Simpson & Brown complete Penicuik House restoration
Penicuik House, one of the finest Palladian style buildings in Scotland, has been rescued from ruin following completion of extensive stabilisation works by conservation specialists Simpson & Brown.

Abandoned in 1899 following a devastating fire the home had deteriorated to the point of threatened collapse, prompting the formation of the Penicuik House Preservation Trust who began measures to make the ruin safe and allow public access from 2007.

Since then hundreds of tons of debris have been removed, allowing internal walls to be rebuilt (including one which ‘rocked’ when pushed against) as necessary and steelwork bracing to provide additional structural stability. These new interventions make use of brick so as to be legible against historic elements.

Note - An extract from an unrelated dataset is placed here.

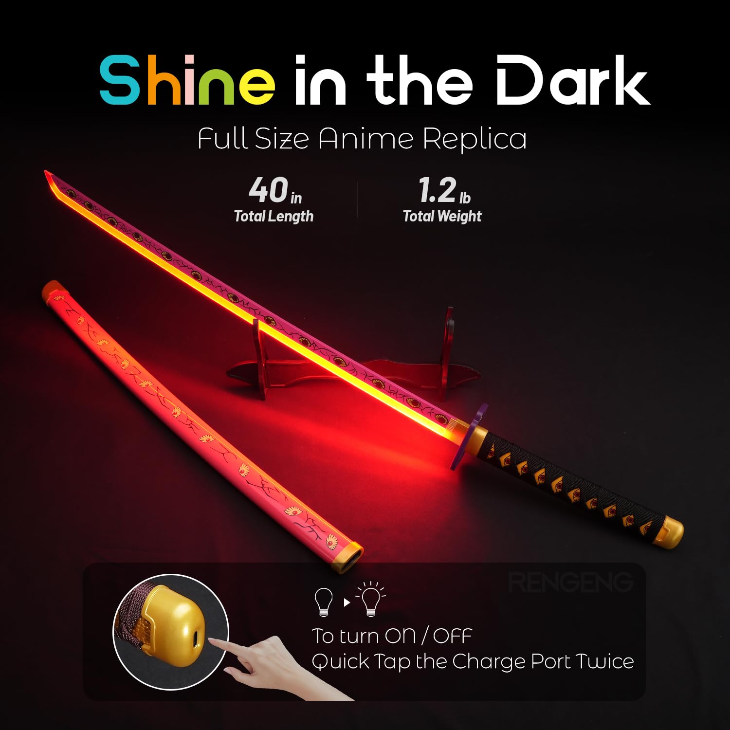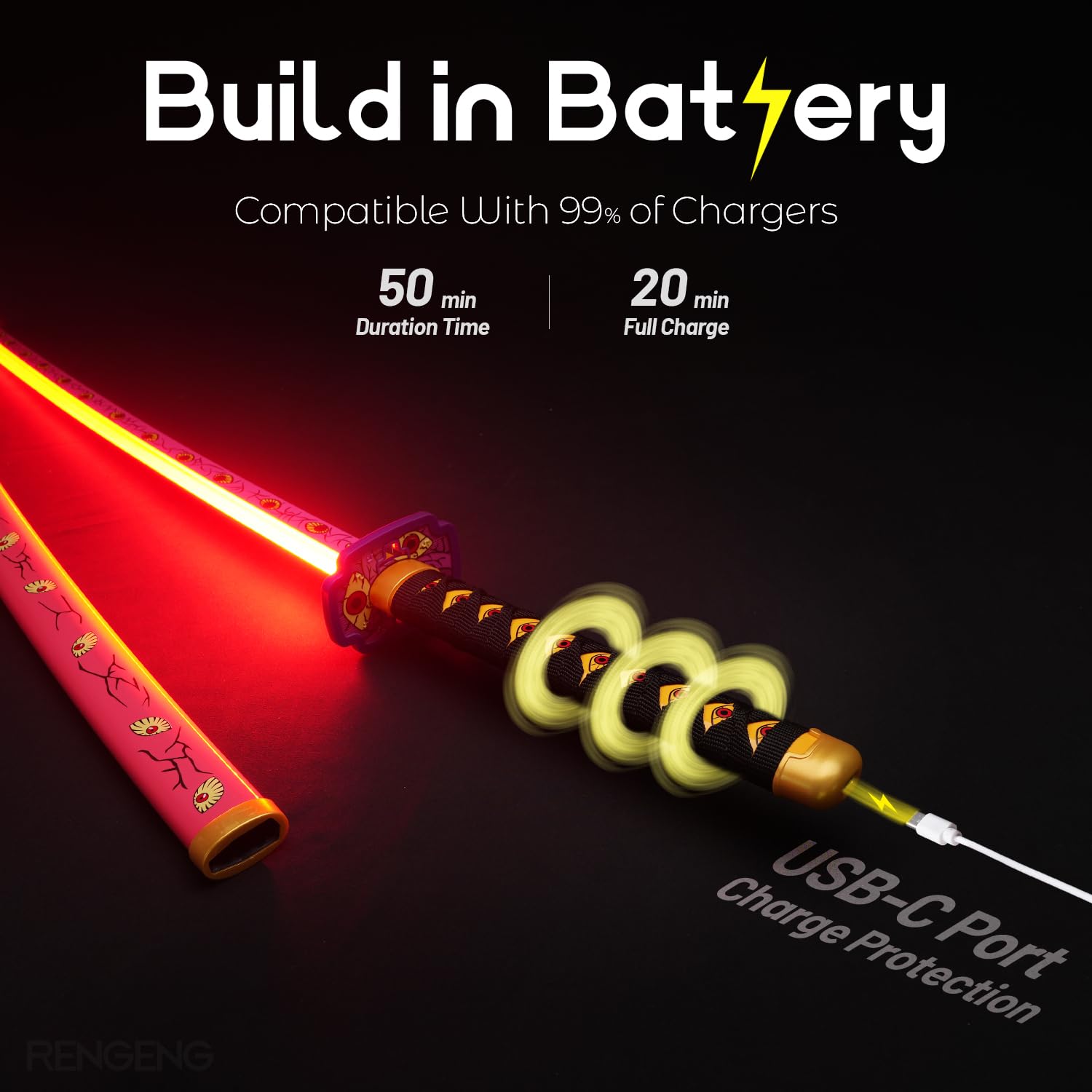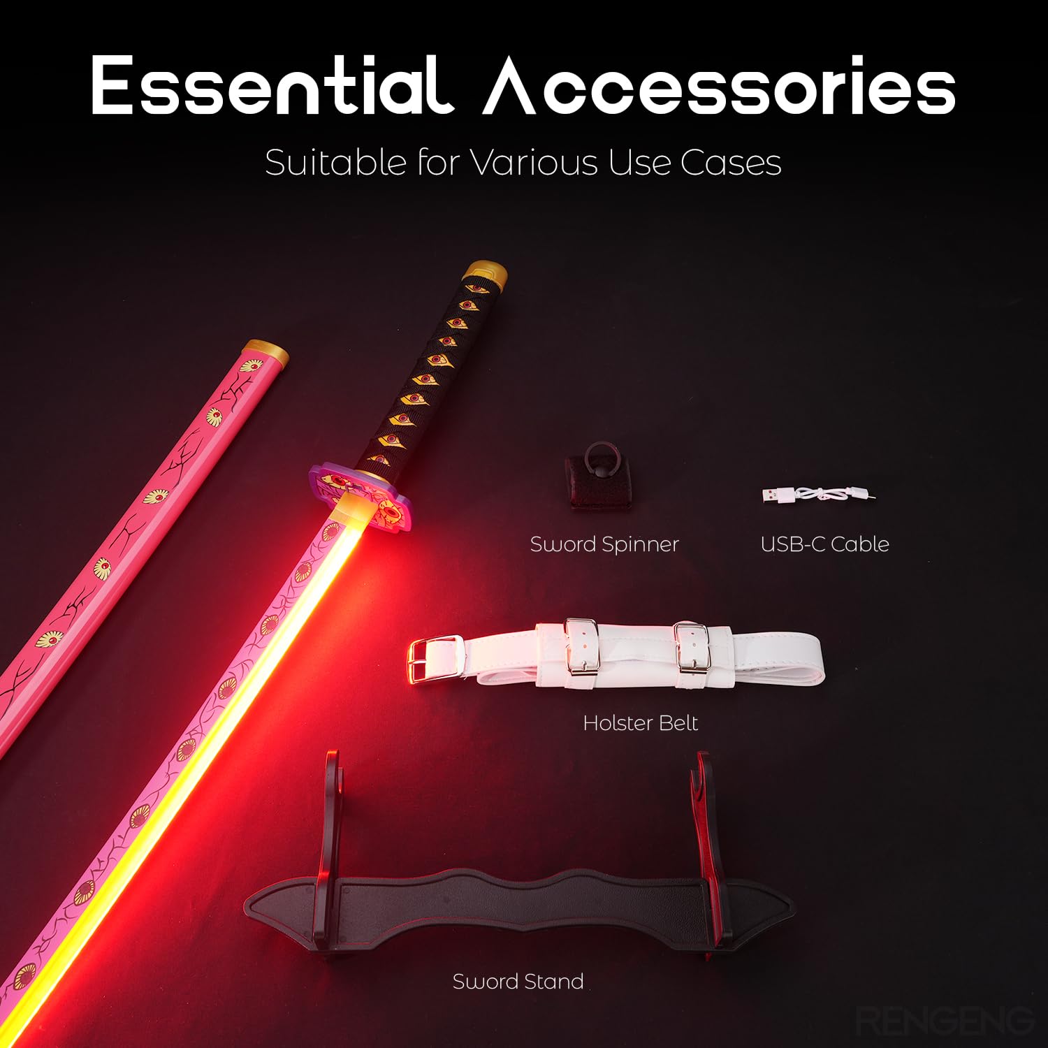 [Packaging Includes] This package contains: Light Up Sword x1, Holster Belt x1, Sword Stand x1, Sword Spinner x1, and USB-C Cable x1

Important architectural features such as pencheck staircases and an imposing entrance arch have also been preserved whilst bricked up windows have been opened and fitted with metal bars to prevent trespass. Sadly however much of the original flooring had already been removed, necessitating use of gravel to provide level access.

Works to the surrounding Penicuik Estate such as reinstatement of 18th century pathways and repairs to a Roman bridge and a new pair of historically accurate Chinese gates have been commissioned to stand within the grounds.

In their conservation report Simpson & Brown noted: “The completion of the portico and architectural embellishments on the wallheads dramatically enhanced the appearance of the house and for the first time in many years the architectural elevations are virtually complete, restoring an imposing centrepiece to the designed landscape. However, the architectural quality of the elevations lacked the important effect provided by fenestration. With this in mind and bolstered by the success that the work to the portico and wallheads had on the north elevation it was decided to refenestrate the building.

“New unglazed timber sash and case windows have been manufactured exactly matching the surviving windows and these have been fitted into the original window openings.”
Ornamental urns have been reinstated above the main portico
Ornamental urns have been reinstated above the main portico
Wallheads have been capped with a turf topping to minimise water ingress
Wallheads have been capped with a turf topping to minimise water ingress


CAD Monkey
#1 Posted by CAD Monkey on 1 Sep 2014 at 18:11 PM
Erm..does CDM apply on this project? How is someone expected to mow the turf?
Would a stone cope not have been more likely to prevent water ingress into the wall heads?
Stephen Newsom
#2 Posted by Stephen Newsom on 2 Sep 2014 at 13:27 PM
In answer to the above, yes CDM did apply and I was the CDM-c. There were considerable risks associated with carrying out the stabilisation of the ruins, all of which were dealt with by careful planning and involving the whole design team and the contractor in devising methods of working. Your question about the treatment wallheads is a pertinent one, but was carefully considered. Turf topping is a tried and tested solution for keeping rainwater out of vulnerable wall heads - no future mowing is anticipated. A maintenance regime is in place for monitoring the ruins as they will be open to the public under controlled arrangements.